Multilevel Prediction with Planet Amazon Dataset (Kaggle)

· Multilevel data: Each image is not labelled with a single label, but multiple labels like ‘Cloudy+Rainforest’, ‘Dry+Desert’ etc.
· Data comes from Kaggle: Kaggle provides API tool to download data.
· Data Structure: csv files with tags for images.
· The trickiest step is to create DataBunch object: Data Block API in fastai provides the way to create DataBunch object as per requirements. Refer docs for guidelines.
· Required PyTorch objects to be known:
 — Dataset: Defines indexing (get item) and length(len).
 — Data Loader: Takes a dataset, grabs items in random, combines them into minibatch and pops them on GPU for modelling.
 — DataBunch: Combines training data loader and validation dataloader.

·Parts to convert to Databunch:
 — ImageFileList folder: where to find data.
 — Labels: from csv file.
 — Random split/test folder.
 — Datasets: How to convert to datasets.
 — Transform: Data transformations/ augmentation.

· Image transformations & augmentation:
 — Flipping: Horizontal flipping applies for dog/cat classification data. For satellite images, vertical flipping is also done.
 — Warping: Images can be wrapped due perspective changes. Should be included in usual images. However, is not applicable for satellite images, astronomical maps.

· create_cnn: basic requirements are data, architecture and metric:
 — Metric: It does not affect the training of model. It is just outputted to track the performance of the model training by user.

· Threshold in fbeta: In multilabel classification, argmax function cannot be used as argmax chooses the index with highest probability value. Instead, threshold value is set for probability, and all the indices (and respective labels) with probability higher than the threshold are returned.

· To create customized functions, concept of python partial functions is used: refer ‘’

· Process of training model: Train the model without unfreezing layers > Run LR rate finder > Unfreeze all layers > Train using a range of LR (Check Lesson1 & 2 for details of differential LR for different layers)

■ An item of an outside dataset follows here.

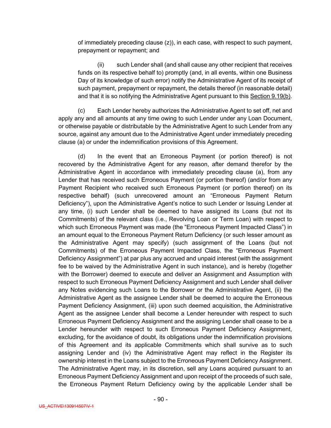 - 90 - US_ACTIVE\130914507\V-1 of immediately preceding clause (z)), in each case, with respect to such payment, prepayment or repayment; and (ii) such Lender shall (and shall cause any other recipient that receives funds on its respective behalf to) promptly (and, in all events, within one Business Day of its knowledge of such error) notify the Administrative Agent of its receipt of such payment, prepayment or repayment, the details thereof (in reasonable detail) and that it is so notifying the Administrative Agent pursuant to this Section 9.19(b). (c) Each Lender hereby authorizes the Administrative Agent to set off, net and apply any and all amounts at any time owing to such Lender under any Loan Document, or otherwise payable or distributable by the Administrative Agent to such Lender from any source, against any amount due to the Administrative Agent under immediately preceding clause (a) or under the indemnification provisions of this Agreement. (d) In the event that an Erroneous Payment (or portion thereof) is not recovered by the Administrative Agent for any reason, after demand therefor by the Administrative Agent in accordance with immediately preceding clause (a), from any Lender that has received such Erroneous Payment (or portion thereof) (and/or from any Payment Recipient who received such Erroneous Payment (or portion thereof) on its respective behalf) (such unrecovered amount an “Erroneous Payment Return Deficiency”), upon the Administrative Agent’s notice to such Lender or Issuing Lender at any time, (i) such Lender shall be deemed to have assigned its Loans (but not its Commitments) of the relevant class (i.e., Revolving Loan or Term Loan) with respect to which such Erroneous Payment was made (the “Erroneous Payment Impacted Class”) in an amount equal to the Erroneous Payment Return Deficiency (or such lesser amount as the Administrative Agent may specify) (such assignment of the Loans (but not Commitments) of the Erroneous Payment Impacted Class, the “Erroneous Payment Deficiency Assignment”) at par plus any accrued and unpaid interest (with the assignment fee to be waived by the Administrative Agent in such instance), and is hereby (together with the Borrower) deemed to execute and deliver an Assignment and Assumption with respect to such Erroneous Payment Deficiency Assignment and such Lender shall deliver any Notes evidencing such Loans to the Borrower or the Administrative Agent, (ii) the Administrative Agent as the assignee Lender shall be deemed to acquire the Erroneous Payment Deficiency Assignment, (iii) upon such deemed acquisition, the Administrative Agent as the assignee Lender shall become a Lender hereunder with respect to such Erroneous Payment Deficiency Assignment and the assigning Lender shall cease to be a Lender hereunder with respect to such Erroneous Payment Deficiency Assignment, excluding, for the avoidance of doubt, its obligations under the indemnification provisions of this Agreement and its applicable Commitments which shall survive as to such assigning Lender and (iv) the Administrative Agent may reflect in the Register its ownership interest in the Loans subject to the Erroneous Payment Deficiency Assignment. The Administrative Agent may, in its discretion, sell any Loans acquired pursuant to an Erroneous Payment Deficiency Assignment and upon receipt of the proceeds of such sale, the Erroneous Payment Return Deficiency owing by the applicable Lender shall be

· How to choose LR when LR ranger plot is flat: Use Learning rate which is around 10 times lower than the point where Losses start rising steeply.

Courtesy: Jeremy Howard & Rachel Thomas

· Progressive resizing: Model is initially trained on small image size, and subsequently on larger images, and so on. It helps model to generalize better and use transfer learning. However, a new DataBunch object should be created every time image size is changed.

Cam video image segmentation

· Data source: ‘’
· The description at site reads: “The Cambridge-driving Labeled Video Database (CamVid) is the first collection of videos with object class semantic labels, complete with metadata. The database provides ground truth labels that associate each pixel with one of 32 semantic classes.”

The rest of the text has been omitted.